• _Task requirements_
Starting at the first line of the data, print every line up to and including the one with "NB: Billederne viser", but no pictures.
==== Data extracts
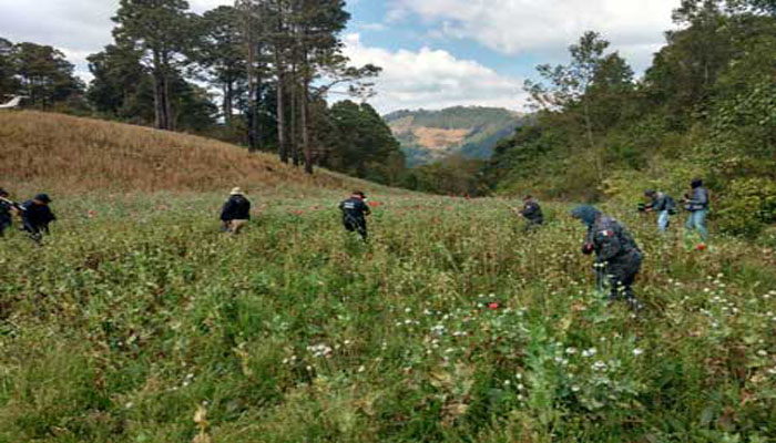 Oaxaca de Juárez, Oaxaca, México; 5 de febrero de 2017.- La Procuraduría General de la República (PGR), a través de la Subprocuraduría de Control Regional, Procedimientos Penales y Amparo (SCRPPA), Delegación de Oaxaca, dio a conocer que destruyó un plantío de amapola en terrenos del municipio de Santiago Textitlán, Sola de Vega, región de la Sierra Sur de Oaxaca.
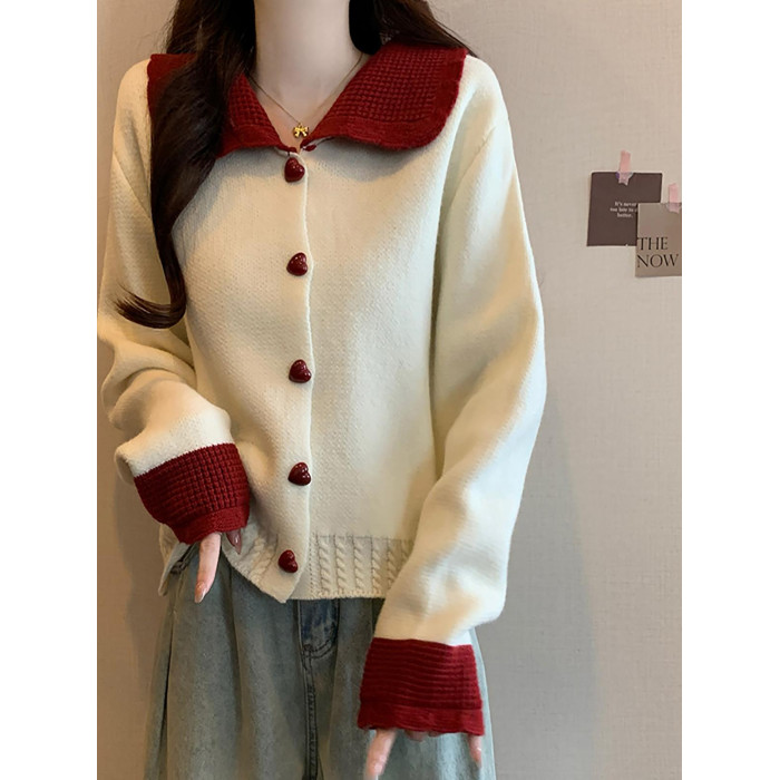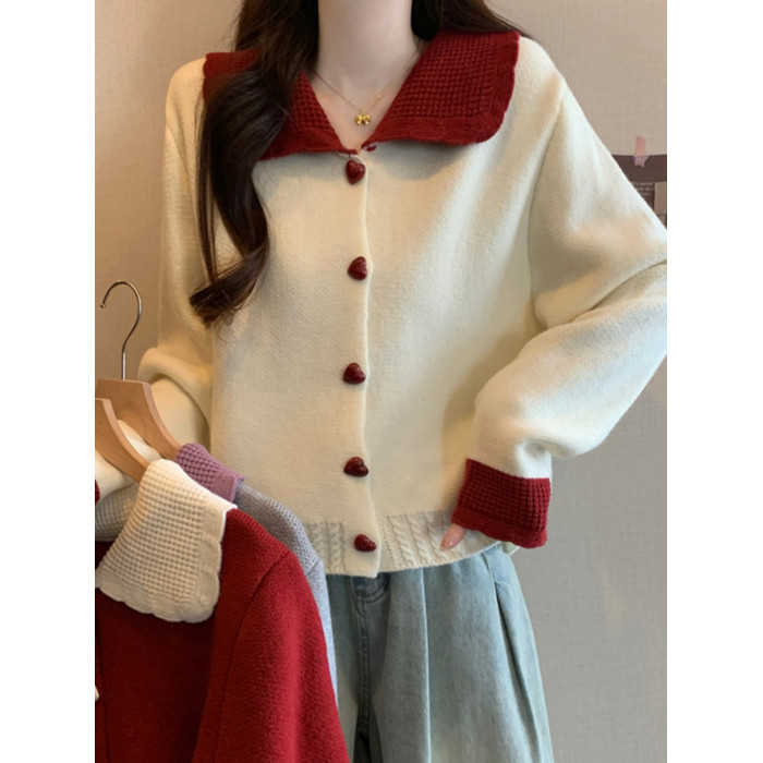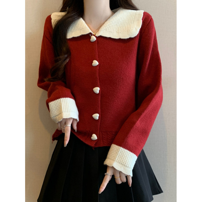 大碼小香風娃娃領聖誕紅色毛衣秋冬新款減齡針織衫胖MM短款上衣女
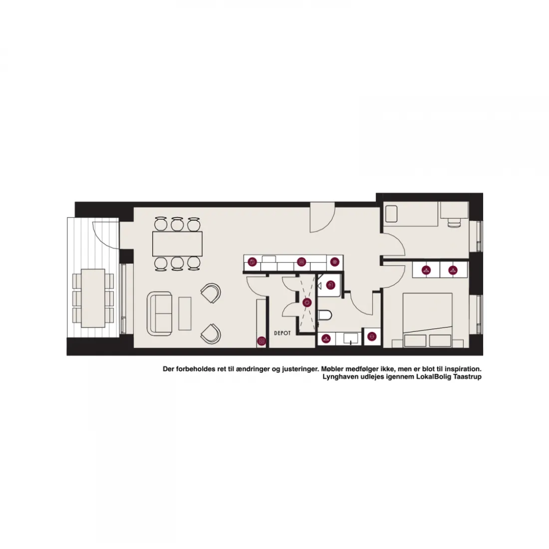 NB: Billederne viser derfor ikke den pågældende lejlighed, men i stedet billeder fra prøveboligen. Billedernes formål er at give en fornemmelse af stil og materialevalg. Ift. planløsning henviser vi til plantegningen. Kontakt vores udlejningsteam, hvis boligen har interesse, eller book en fremvisning direkte her på lejemålet.
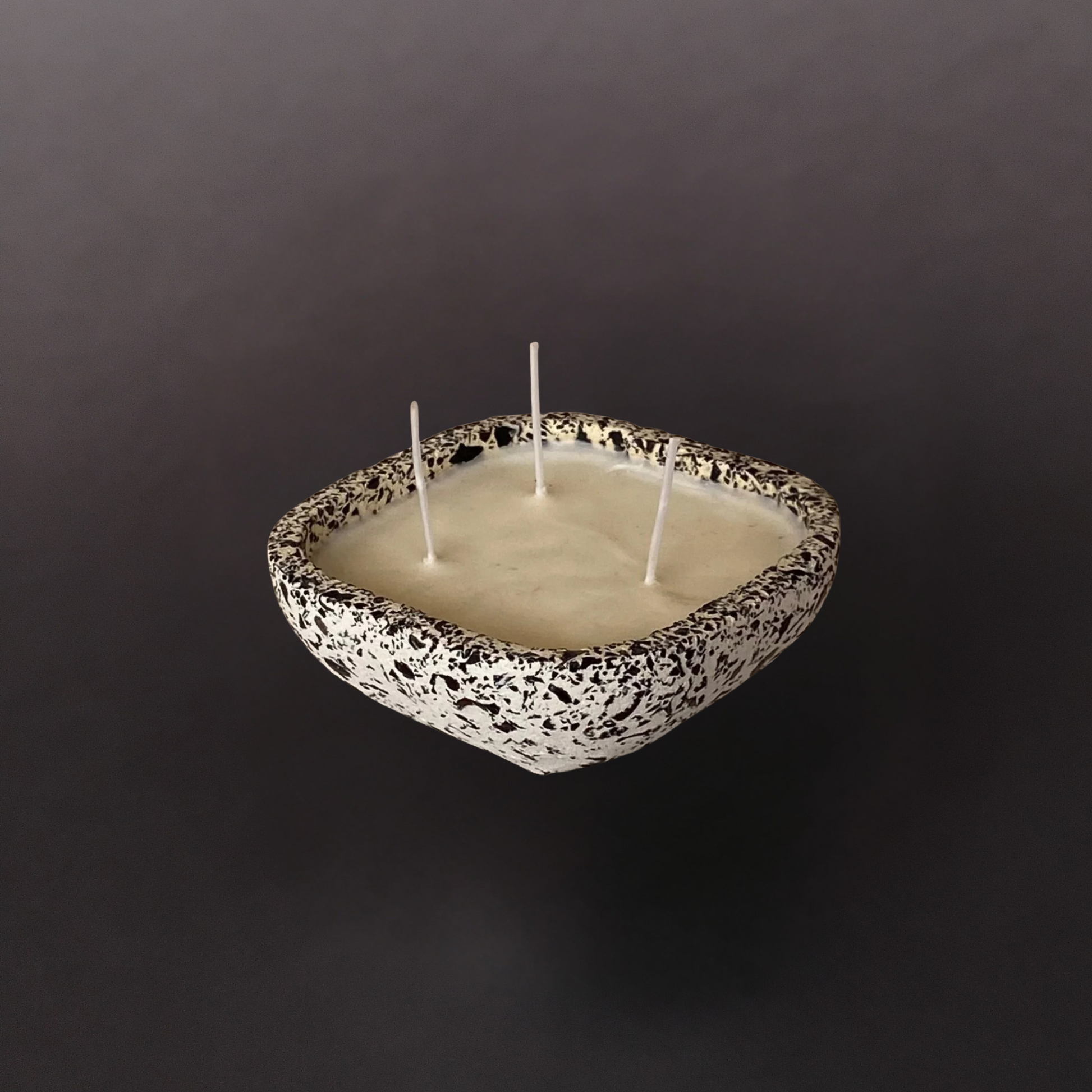 Nuestras velas de Tábano Home están hechas a mano con cera de soya 100% natural, lo que garantiza una combustión limpia y prolongada. Los cuencos están hechos a partir de piedra reconstituida como obsidiana y cuarzo. Ofrecen un diseño único y funcional, con formas geométricas y acabados de alta calidad. Cada vela incluye una mecha de algodón natural y está disponible en una variedad de aromas seleccionados para crear ambientes acogedores y elegantes.
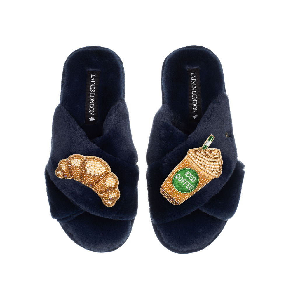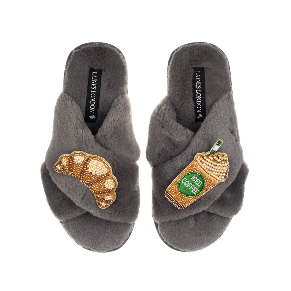 Classic Laines Slippers With Iced Coffee & Croissant Brooches
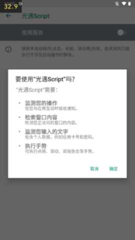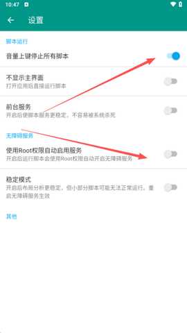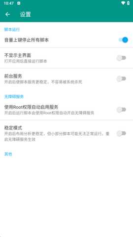 点击右上角的选项,进入设置界面,将看到脚本运行、无障碍服务等多项功能。
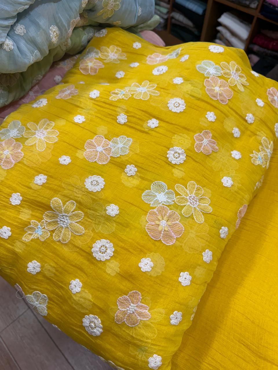 FPMC Embroidered Mul Chanderi (Mango Yellow)
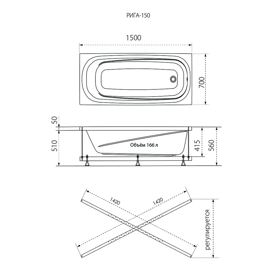 Ванна 1ACreal Riga Стандарт, 150х70, Щ0000040945
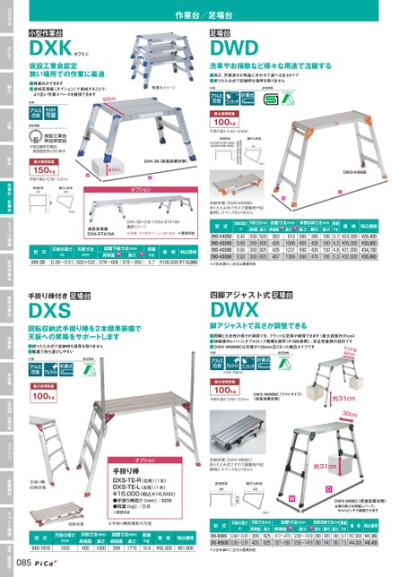 DWD-K808B▶D収納状態(DWD-K608B)折りたたみ式ですので運搬時や収納時にスペースをとりません◀W▶◀m型式天板の高さ天板寸法mm昇降面長さ520300DWD-K405B600300DWD-K606B825300DWD-K608B300825DWD-K808B※2台未満のご注文は運賃別途0.420.600.600.83設置寸法mmWD昇降面長さ813100612311369393426426467保管収納寸法mm長さ高さ185585180665150890890185奥行395430430470質量kg3.74.34.85.3価格税込価格¥24,000¥28,000¥31,000¥32,600¥26,400¥30,800¥34,100¥35,860踏ざん形状41(mm)23.2(DWD-K606B、K608B)23(DWDK405B、K808B)支柱形状44.4(DWD-K405B、K808B)45(DWD-606B、K608B)四脚アジャスト式足場台DWX脚アジャストで高さが調整できる■四脚とも支柱の長さが調節でき、フラットな足場が確保できます(最大段差約31cm)■伸縮操作レバーにダブルロック機構を採用(P.088参照)。安全性重視の設計です■DWX-W6908Cは天板が120mm広くなった幅広タイプです仕様AEJH※支柱・天板のみ認定規格Tワイドな42cm◀▶30cm▶◀約31cm◀▶最大使用質量100kg天板の高さ:0.60〜0.91mDWX-W6908C(ワイドタイプ)(段差設置状態)連結足場板DXA-STA18ADXK-39×2台+DXA-STA18A連結イメージ※詳細、その他オプションはP.084※運賃別途◀約12cmW▶▶◀DXK-39(段差設置状態)▶Dオプション(mm)48◀最大使用質量150kg天板の高さ:0.39〜0.51m支柱形状47踏ざん形状43型式天板の高さm天板寸法mmDXK-390.39〜0.51500×533設置下端寸法mm昇降面長さWD579〜606876〜950質量kg5.7価格税込価格¥100,600¥110,660手掛り棒付き足場台DXS回転収納式手掛り棒を2本標準装備で天板への昇降をサポートします■折りたたみ式で収納時も場所を取りません■軽量で持ち運びしやすい仕様AEH認定規格T最大使用質量100kg作業台/足場台足場台DWD洗車やお掃除など様々な用途で活躍する積重ねイメージ仕様認定規格■高さ、天板長さが用途に合わせて選べる全4タイプ■折りたたみ式で収納時も場所を取りませんTAJH最大使用質量100kg天板の高さ:0.42〜0.83m▶小型作業台DXKタフミニ仮設工業会認定狭い場所での作業に最適■積重ねができます■連結足場板(オプション)で連結することで、より広い作業スペースを確保できます50cm◀仕様AM認定規格U仮設工業会単品承認品※特注製作の場合、仮設認定外となりますDWX-6908C(段差設置状態)★脚の長さは伸縮レバーで、6mmピッチで調整できます(mm)▶◀◀W26.5▶▶◀約31cmD収納状態(DWX-6908C)折りたたみ式ですので運搬時や収納時にスペースをとりません支柱形状48踏ざん形状43オプション手掛り棒DXS-TE-R(右用)(1本)DXS-TE-L(左用)(1本)¥15,000(税込¥16,500)●手掛り棒高さ(mm)/608●質量(kg)/0.8※運賃別途手掛り棒収納状態収納状態※手掛り棒両側取付可能型式DXS-1010天板の高さmm1002天板寸法mm長さ昇降面1050400設置寸法mm長さ昇降面1715599質量kg10.6価格税込価格¥56,000¥61,600085型式天板の高さmDWX-6908CDWX-W6908C※2台未満のご注文は運賃別途0.60〜0.910.60〜0.91天板寸法mm長さ昇降面300825825420設置寸法mm長さDW昇降面417〜473537〜5931230〜14191230〜1419保管収納寸法mm質量kg長さ6.78907.3890奥行420540高さ180180価格税込価格¥37,600¥44,000¥41,360¥48,400TOPICSはしご脚立三脚踏台作業台・足場台トラック関連高所作業台昇降作業台足場板安全柵土木機材・荷揚げ機ブリッジ運搬機材イベント関連温室・園芸関連
========
• _Response below_
 Oaxaca de Juárez, Oaxaca, México; 5 de febrero de 2017.- La Procuraduría General de la República (PGR), a través de la Subprocuraduría de Control Regional, Procedimientos Penales y Amparo (SCRPPA), Delegación de Oaxaca, dio a conocer que destruyó un plantío de amapola en terrenos del municipio de Santiago Textitlán, Sola de Vega, región de la Sierra Sur de Oaxaca.
 大碼小香風娃娃領聖誕紅色毛衣秋冬新款減齡針織衫胖MM短款上衣女
 NB: Billederne viser derfor ikke den pågældende lejlighed, men i stedet billeder fra prøveboligen. Billedernes formål er at give en fornemmelse af stil og materialevalg. Ift. planløsning henviser vi til plantegningen. Kontakt vores udlejningsteam, hvis boligen har interesse, eller book en fremvisning direkte her på lejemålet.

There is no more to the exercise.